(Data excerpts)

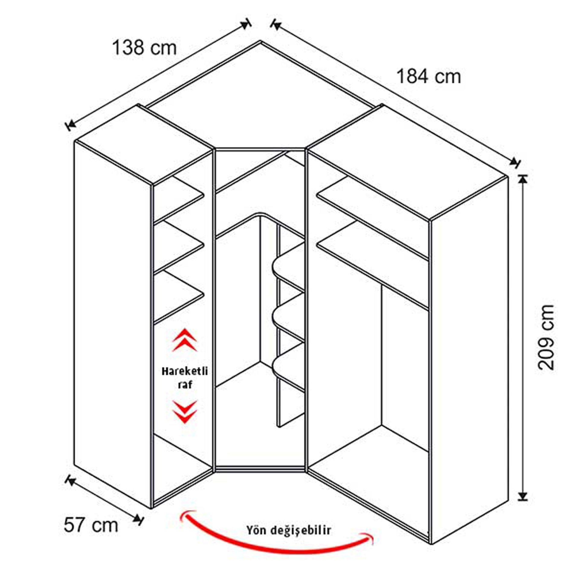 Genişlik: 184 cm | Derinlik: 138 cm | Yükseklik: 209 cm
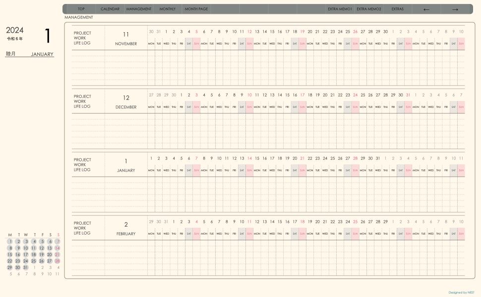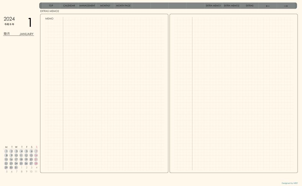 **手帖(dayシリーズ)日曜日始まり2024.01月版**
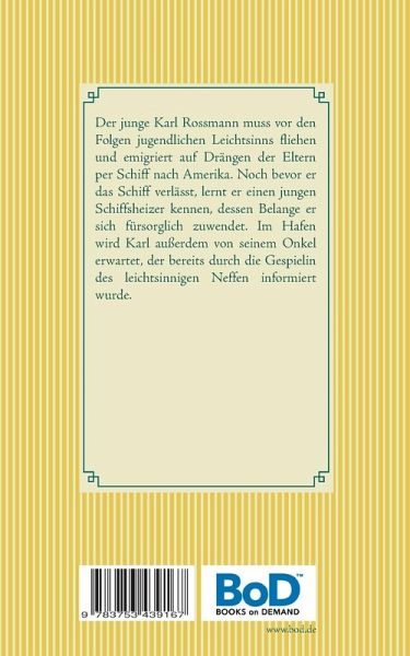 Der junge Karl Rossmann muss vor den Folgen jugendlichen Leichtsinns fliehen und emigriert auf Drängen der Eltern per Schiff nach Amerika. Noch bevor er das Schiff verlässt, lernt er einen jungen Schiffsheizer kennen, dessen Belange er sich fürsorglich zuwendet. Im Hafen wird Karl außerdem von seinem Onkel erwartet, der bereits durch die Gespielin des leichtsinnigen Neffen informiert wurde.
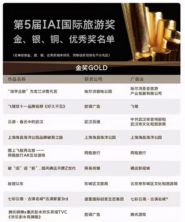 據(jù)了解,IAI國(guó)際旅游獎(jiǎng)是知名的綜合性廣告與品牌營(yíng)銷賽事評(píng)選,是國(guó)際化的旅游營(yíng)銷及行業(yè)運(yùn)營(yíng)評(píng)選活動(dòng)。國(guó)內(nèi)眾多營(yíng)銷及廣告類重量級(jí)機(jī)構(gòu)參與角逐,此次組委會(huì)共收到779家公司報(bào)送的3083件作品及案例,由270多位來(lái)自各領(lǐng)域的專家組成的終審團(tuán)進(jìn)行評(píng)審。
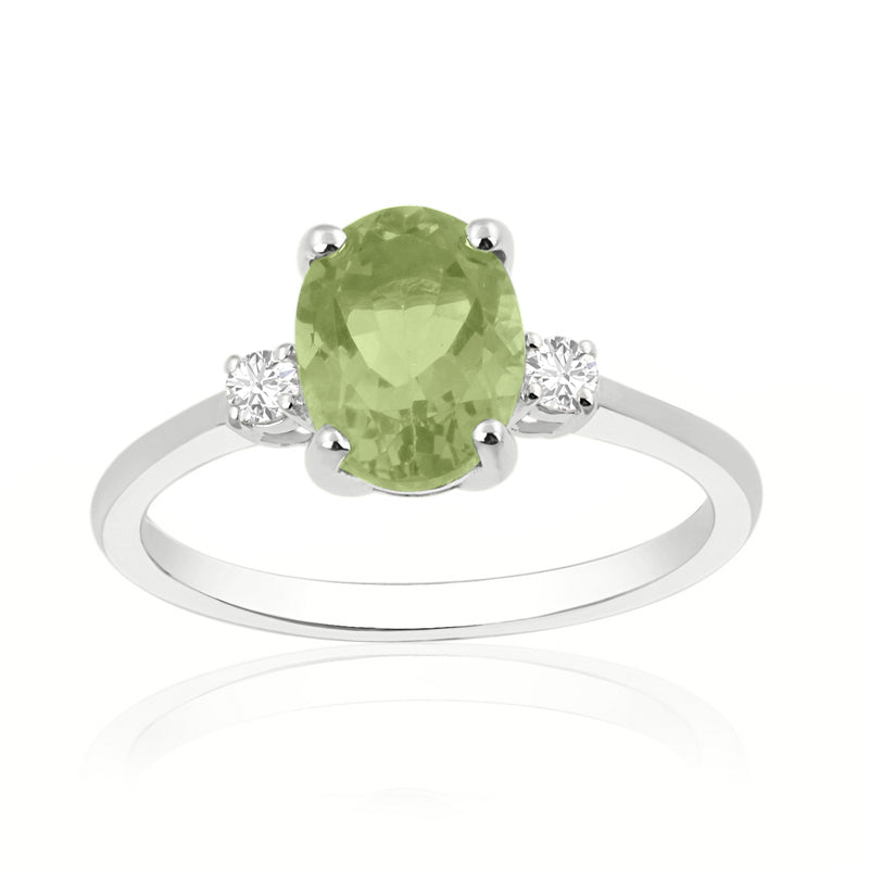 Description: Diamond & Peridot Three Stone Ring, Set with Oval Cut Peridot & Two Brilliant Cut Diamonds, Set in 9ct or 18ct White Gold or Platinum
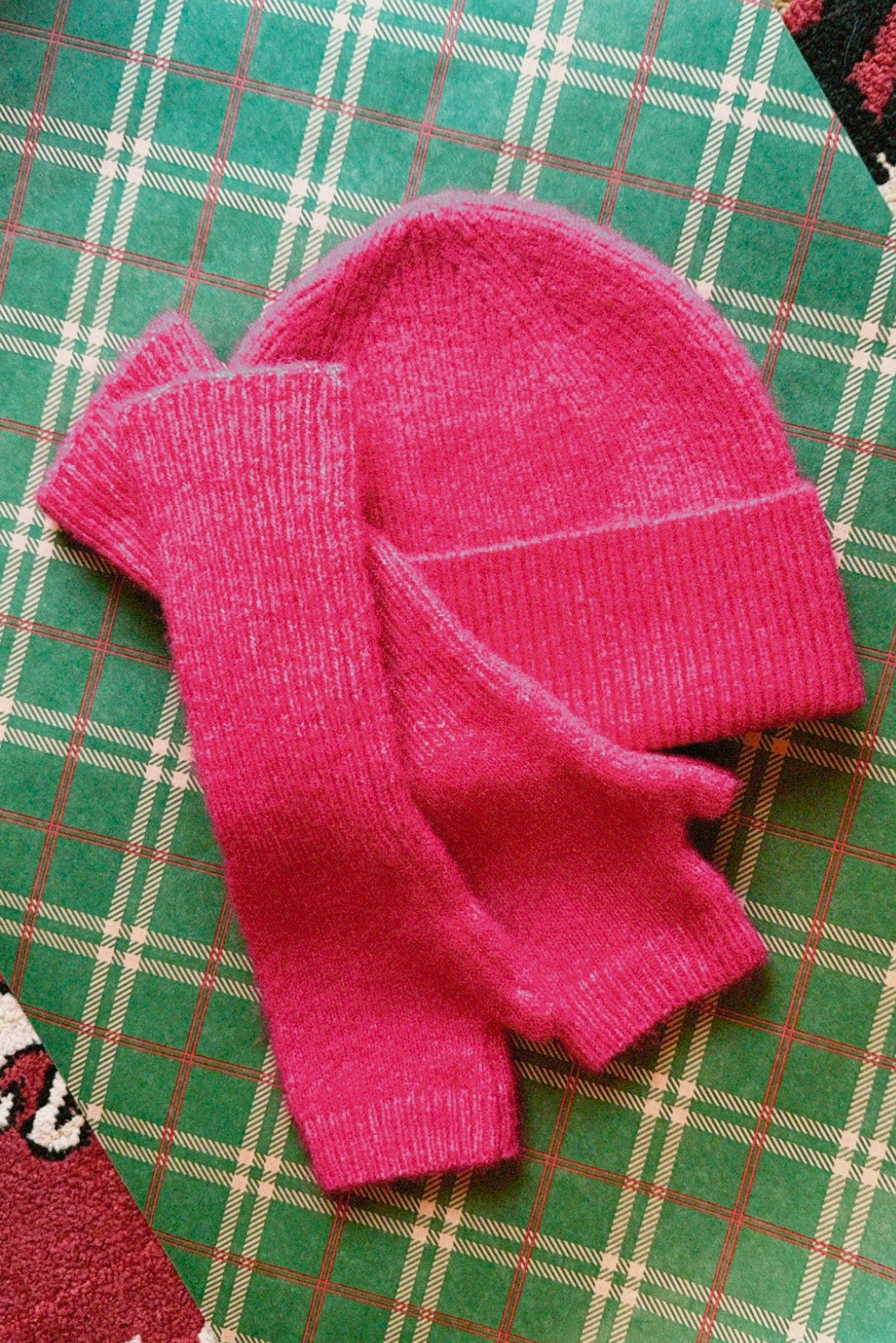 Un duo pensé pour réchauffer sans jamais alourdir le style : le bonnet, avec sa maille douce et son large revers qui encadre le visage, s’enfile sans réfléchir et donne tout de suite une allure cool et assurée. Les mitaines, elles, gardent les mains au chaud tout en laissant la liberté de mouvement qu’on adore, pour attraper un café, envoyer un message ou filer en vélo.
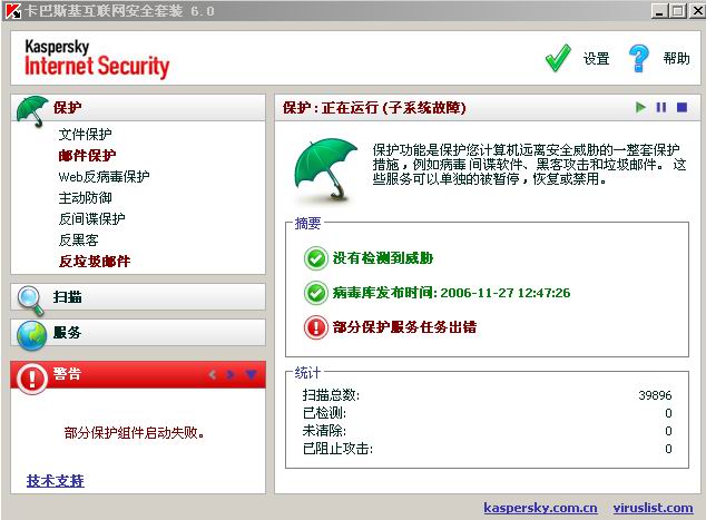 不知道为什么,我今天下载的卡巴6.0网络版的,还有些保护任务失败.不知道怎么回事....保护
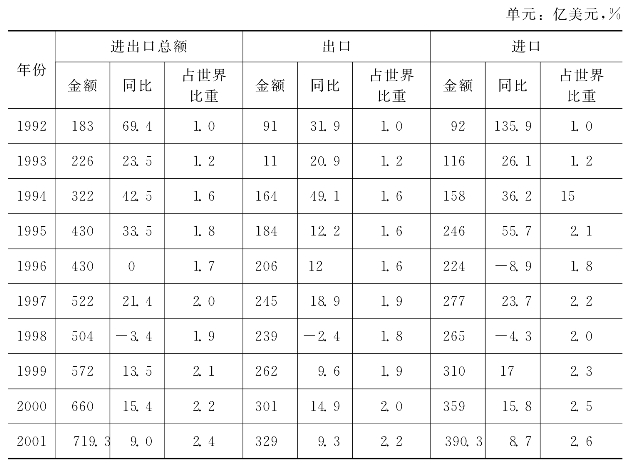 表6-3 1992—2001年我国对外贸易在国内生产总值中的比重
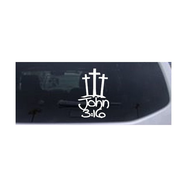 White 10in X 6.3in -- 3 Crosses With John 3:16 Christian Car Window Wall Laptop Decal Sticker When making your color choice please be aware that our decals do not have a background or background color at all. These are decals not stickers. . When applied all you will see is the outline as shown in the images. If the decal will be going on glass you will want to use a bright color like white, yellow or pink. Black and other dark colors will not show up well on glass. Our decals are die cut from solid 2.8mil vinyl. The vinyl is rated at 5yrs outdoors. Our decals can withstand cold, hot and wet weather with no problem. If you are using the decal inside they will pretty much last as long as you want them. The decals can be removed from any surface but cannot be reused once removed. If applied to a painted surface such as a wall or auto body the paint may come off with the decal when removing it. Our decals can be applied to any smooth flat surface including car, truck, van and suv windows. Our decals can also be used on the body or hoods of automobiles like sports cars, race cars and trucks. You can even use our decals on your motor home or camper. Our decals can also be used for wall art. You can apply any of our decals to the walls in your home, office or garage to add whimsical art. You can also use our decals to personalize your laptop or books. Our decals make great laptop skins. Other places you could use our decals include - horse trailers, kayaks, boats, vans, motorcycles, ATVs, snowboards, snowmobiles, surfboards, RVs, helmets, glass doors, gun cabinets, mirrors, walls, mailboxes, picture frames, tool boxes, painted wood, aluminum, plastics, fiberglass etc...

--- ASSIGNED TASK ---
Copy each entry above exactly; drop the pictures.

--- EXERCISE RESULT ---
 Genişlik: 184 cm | Derinlik: 138 cm | Yükseklik: 209 cm
 **手帖(dayシリーズ)日曜日始まり2024.01月版**
 Der junge Karl Rossmann muss vor den Folgen jugendlichen Leichtsinns fliehen und emigriert auf Drängen der Eltern per Schiff nach Amerika. Noch bevor er das Schiff verlässt, lernt er einen jungen Schiffsheizer kennen, dessen Belange er sich fürsorglich zuwendet. Im Hafen wird Karl außerdem von seinem Onkel erwartet, der bereits durch die Gespielin des leichtsinnigen Neffen informiert wurde.
 據(jù)了解,IAI國(guó)際旅游獎(jiǎng)是知名的綜合性廣告與品牌營(yíng)銷賽事評(píng)選,是國(guó)際化的旅游營(yíng)銷及行業(yè)運(yùn)營(yíng)評(píng)選活動(dòng)。國(guó)內(nèi)眾多營(yíng)銷及廣告類重量級(jí)機(jī)構(gòu)參與角逐,此次組委會(huì)共收到779家公司報(bào)送的3083件作品及案例,由270多位來(lái)自各領(lǐng)域的專家組成的終審團(tuán)進(jìn)行評(píng)審。
 Description: Diamond & Peridot Three Stone Ring, Set with Oval Cut Peridot & Two Brilliant Cut Diamonds, Set in 9ct or 18ct White Gold or Platinum
 Un duo pensé pour réchauffer sans jamais alourdir le style : le bonnet, avec sa maille douce et son large revers qui encadre le visage, s’enfile sans réfléchir et donne tout de suite une allure cool et assurée. Les mitaines, elles, gardent les mains au chaud tout en laissant la liberté de mouvement qu’on adore, pour attraper un café, envoyer un message ou filer en vélo.
 不知道为什么,我今天下载的卡巴6.0网络版的,还有些保护任务失败.不知道怎么回事....保护
 表6-3 1992—2001年我国对外贸易在国内生产总值中的比重
 White 10in X 6.3in -- 3 Crosses With John 3:16 Christian Car Window Wall Laptop Decal Sticker When making your color choice please be aware that our decals do not have a background or background color at all. These are decals not stickers. . When applied all you will see is the outline as shown in the images. If the decal will be going on glass you will want to use a bright color like white, yellow or pink. Black and other dark colors will not show up well on glass. Our decals are die cut from solid 2.8mil vinyl. The vinyl is rated at 5yrs outdoors. Our decals can withstand cold, hot and wet weather with no problem. If you are using the decal inside they will pretty much last as long as you want them. The decals can be removed from any surface but cannot be reused once removed. If applied to a painted surface such as a wall or auto body the paint may come off with the decal when removing it. Our decals can be applied to any smooth flat surface including car, truck, van and suv windows. Our decals can also be used on the body or hoods of automobiles like sports cars, race cars and trucks. You can even use our decals on your motor home or camper. Our decals can also be used for wall art. You can apply any of our decals to the walls in your home, office or garage to add whimsical art. You can also use our decals to personalize your laptop or books. Our decals make great laptop skins. Other places you could use our decals include - horse trailers, kayaks, boats, vans, motorcycles, ATVs, snowboards, snowmobiles, surfboards, RVs, helmets, glass doors, gun cabinets, mirrors, walls, mailboxes, picture frames, tool boxes, painted wood, aluminum, plastics, fiberglass etc...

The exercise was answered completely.